→ **Work task**: The output should match, line for line, the records from the line containing "Popis CONNECT IT DOODLE" through the line containing "Каталог запасных частей", with every picture left out.

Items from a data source
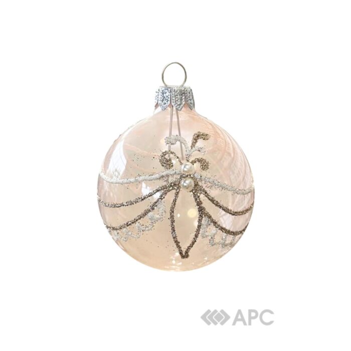 Елочная игрушка стеклянная ручной работы Orbital А-100 Ажур 6 см пудра в каталоге ARS
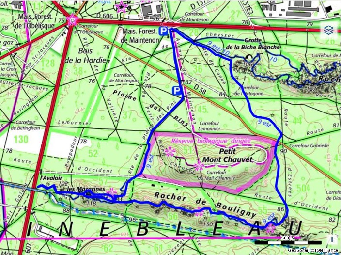 copyright IGN 2024 carte aux 1/16000ème Découverte des lieux d’exception Forêt de Fontainebleau
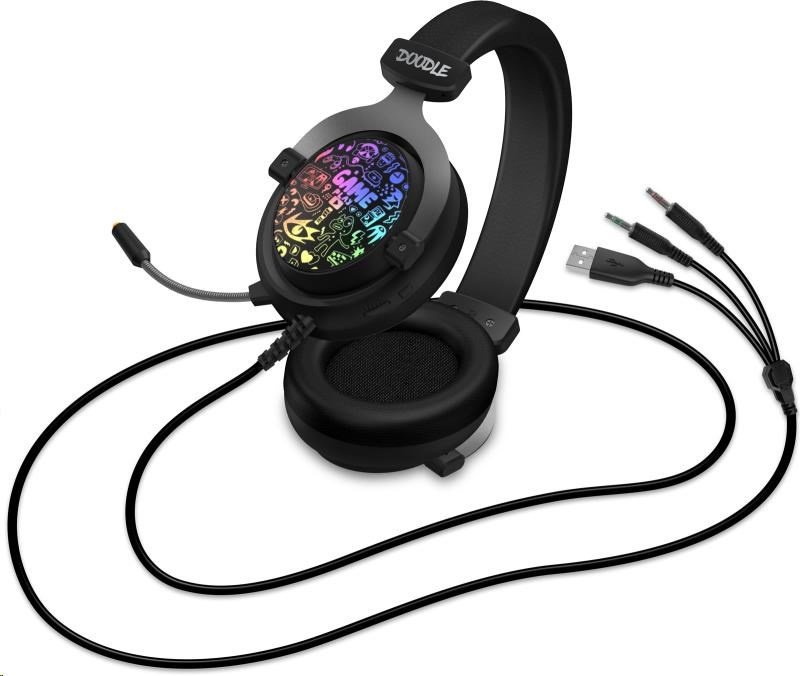 Popis CONNECT IT DOODLE RGB herní sluchátka s mikrofonem, 2xJack+USB, černá
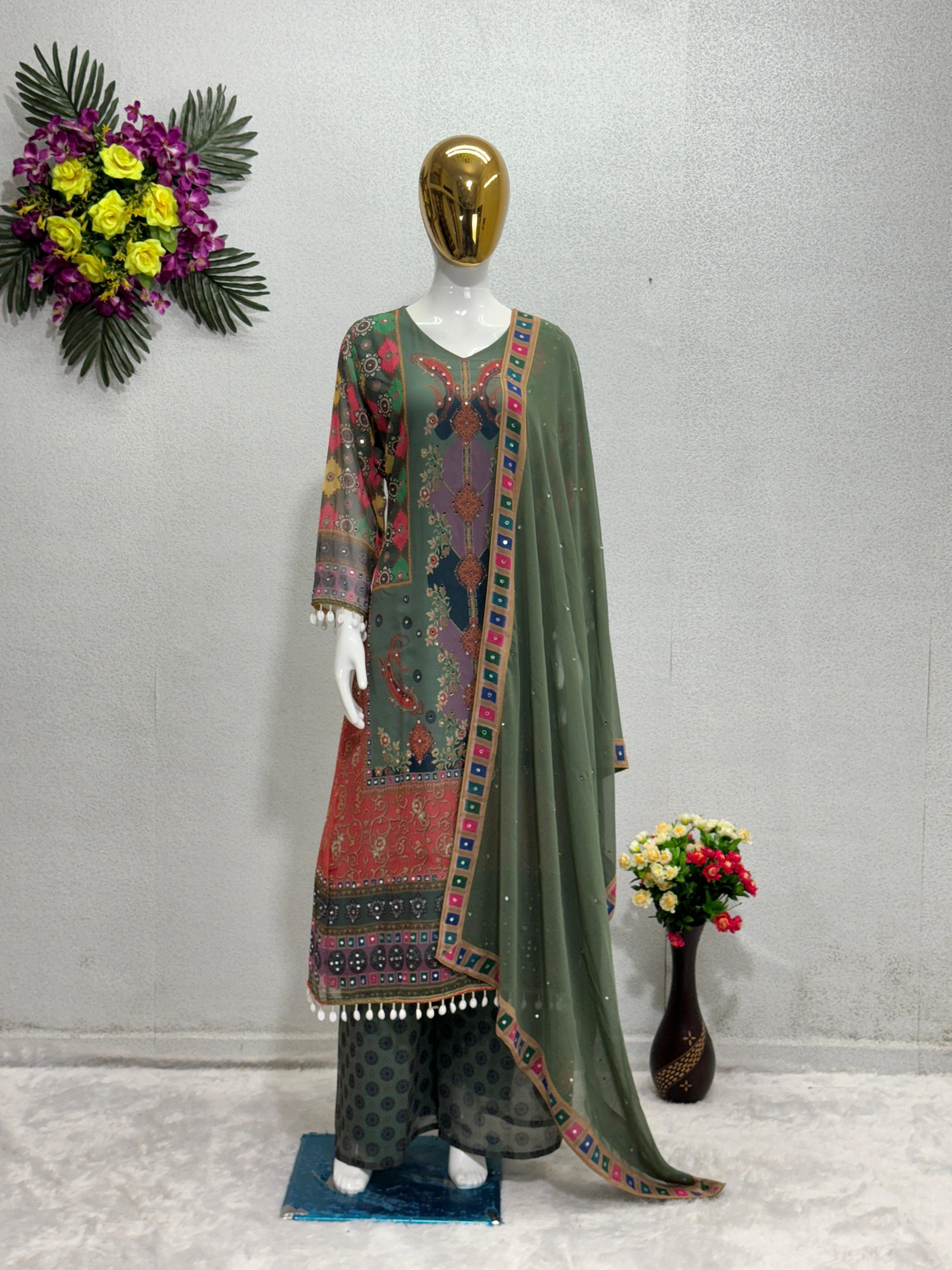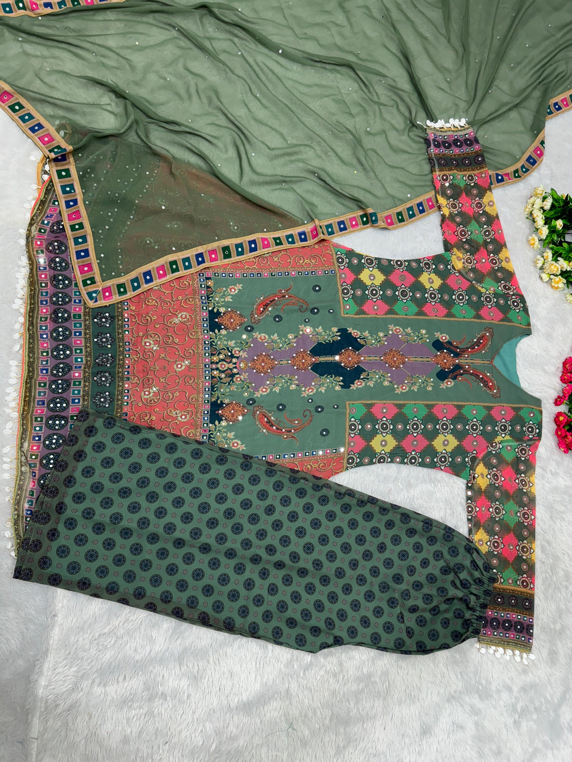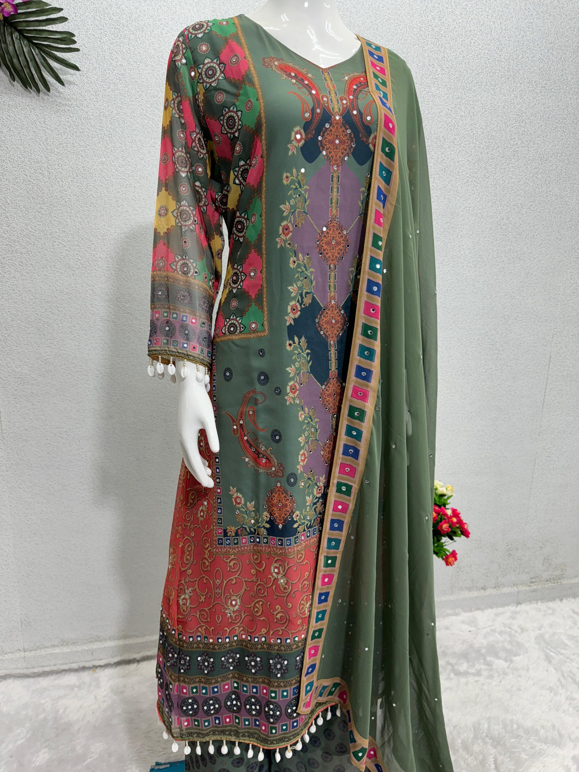 Work | Fancy Digital Print With, Real Mirror Hand Work And Kodi Lace |
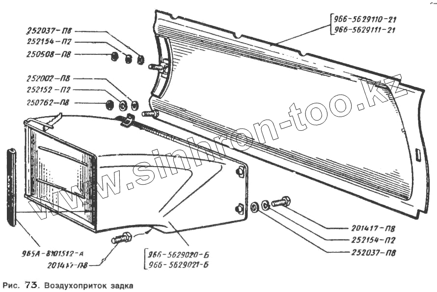 Каталог запасных частей к технике: ЗАЗ 968. Воздухоприток задка
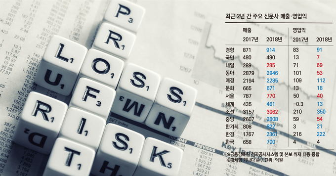 각 사별로 보면 조선일보의 매출 감소폭이 가장 컸다. 조선은 2017년 3157억원에서 2018년 3062억원으로 95억원이 줄어들어 3000억원 선을 힘겹게 유지했다. 다만 2017년 거의 절반 가까이 줄었던 영업이익은 140억원 늘어난 350억원대로 회복세를 보였다. 서울신문은 3년 연속 매출 하락에 영업이익, 당기순이익 모두 전년보다 줄었다.
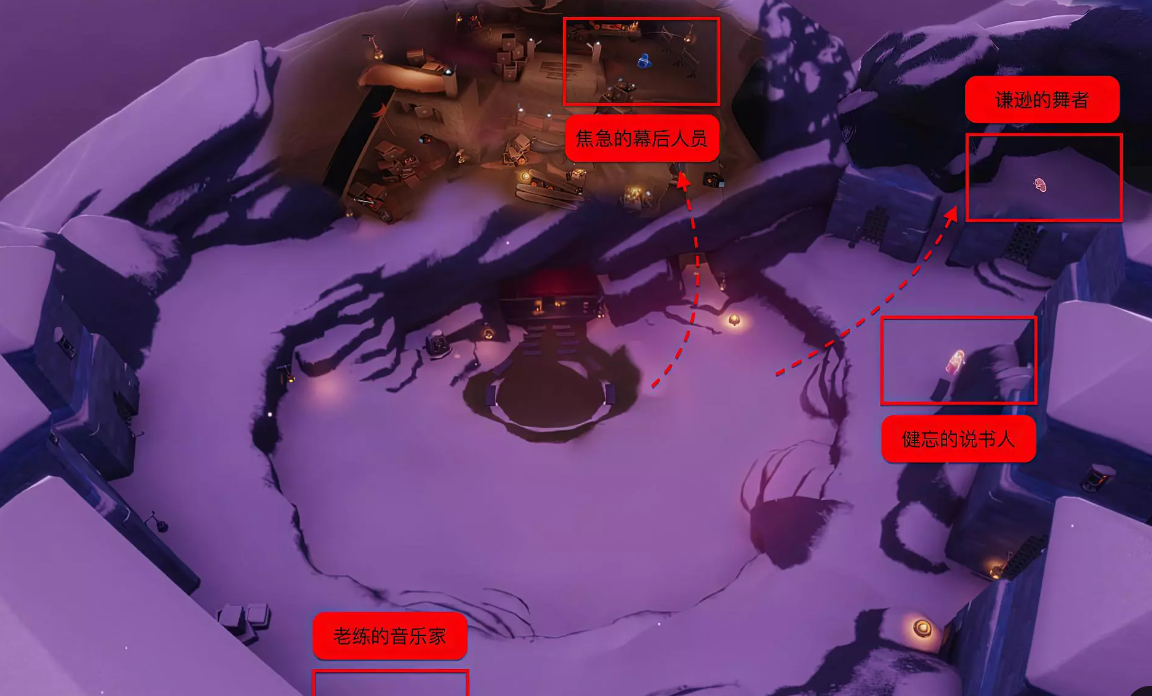 前往 [圆梦村剧场] 重温剧情任务四 任意选择三位先祖牵手即可

→ **Written response**:
 Popis CONNECT IT DOODLE RGB herní sluchátka s mikrofonem, 2xJack+USB, černá
 Work | Fancy Digital Print With, Real Mirror Hand Work And Kodi Lace |
 Каталог запасных частей к технике: ЗАЗ 968. Воздухоприток задка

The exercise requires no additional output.